═══ THE DATA

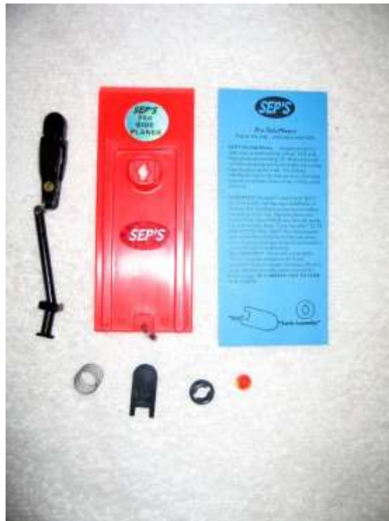
All the necessary parts of the Pro Side Planer.

Use SEP'S Pro Side Planer to intercept fish that are spooked to the side of your trolling boat/motor. The fluorescent red color of SEP'S Pro Side Planer, plus the simple and ultra-light design make it a favorite with trout and kokanee anglers. The lure/grub is slowly trolled to the side of the boat, just five feet below the surface, simple and effective, sideplaners put offerings where the fish are, without spooking them.
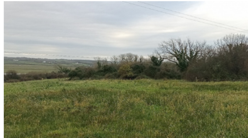
Plate 16.26: Ringfort (AH7), facing southwest
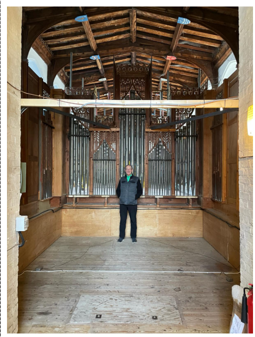
The organ loft cleared.
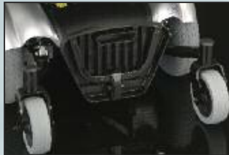
Footrest in the upright position

Inherent modular adjustability is included in the design specification resulting in easy and quick to adjust settings to accommodate different user needs.
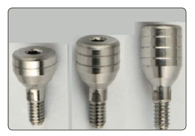
For immediate gradual loading group (at surgery time group A received 2mm height gingival former which was swapped by,3mm and finally 4mm).

For the early loading group (group B). The implants remain with the 2mm height gingival former from the surgery time till loading time six weeks later.
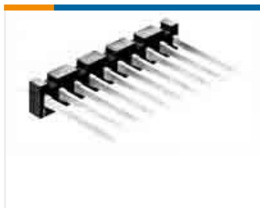
TE Part #1-85829-5 15 MODI HDR SRST .156CL
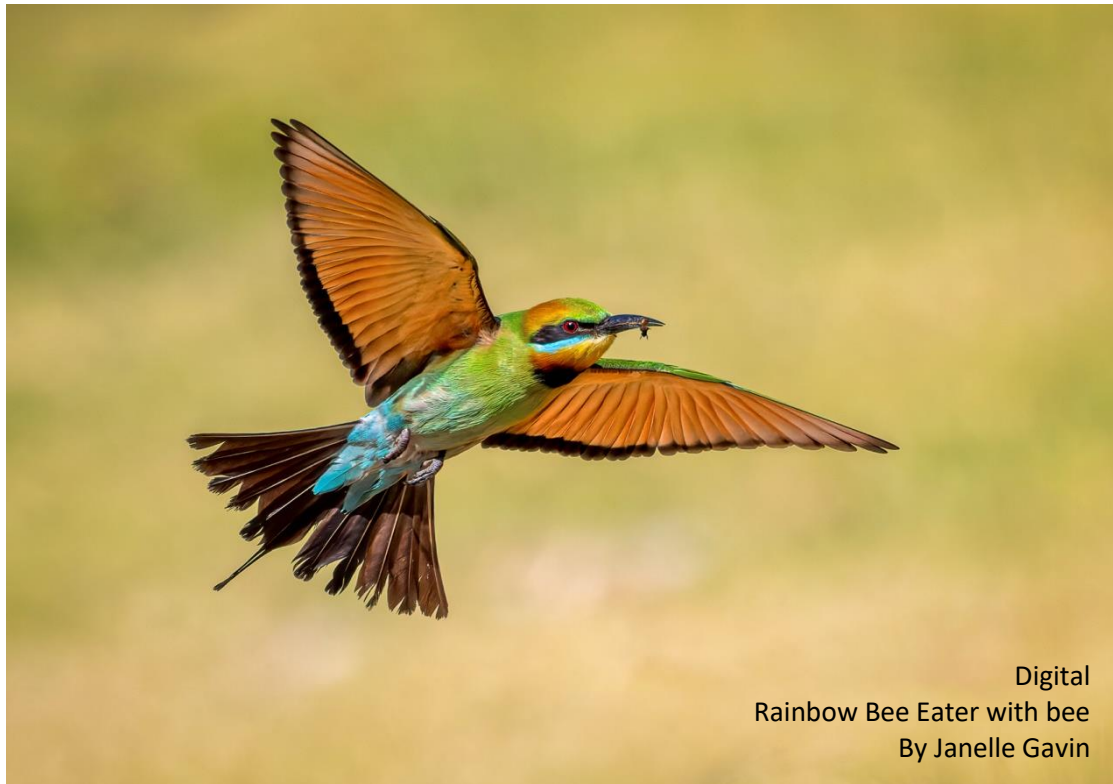
Digital Rainbow Bee Eater with bee By Janelle Gavin

══════

THE TASK:
For the listing above, say how many lines hold the string "group". Give only that number.

RESPONSE TO THIS EXERCISE:
2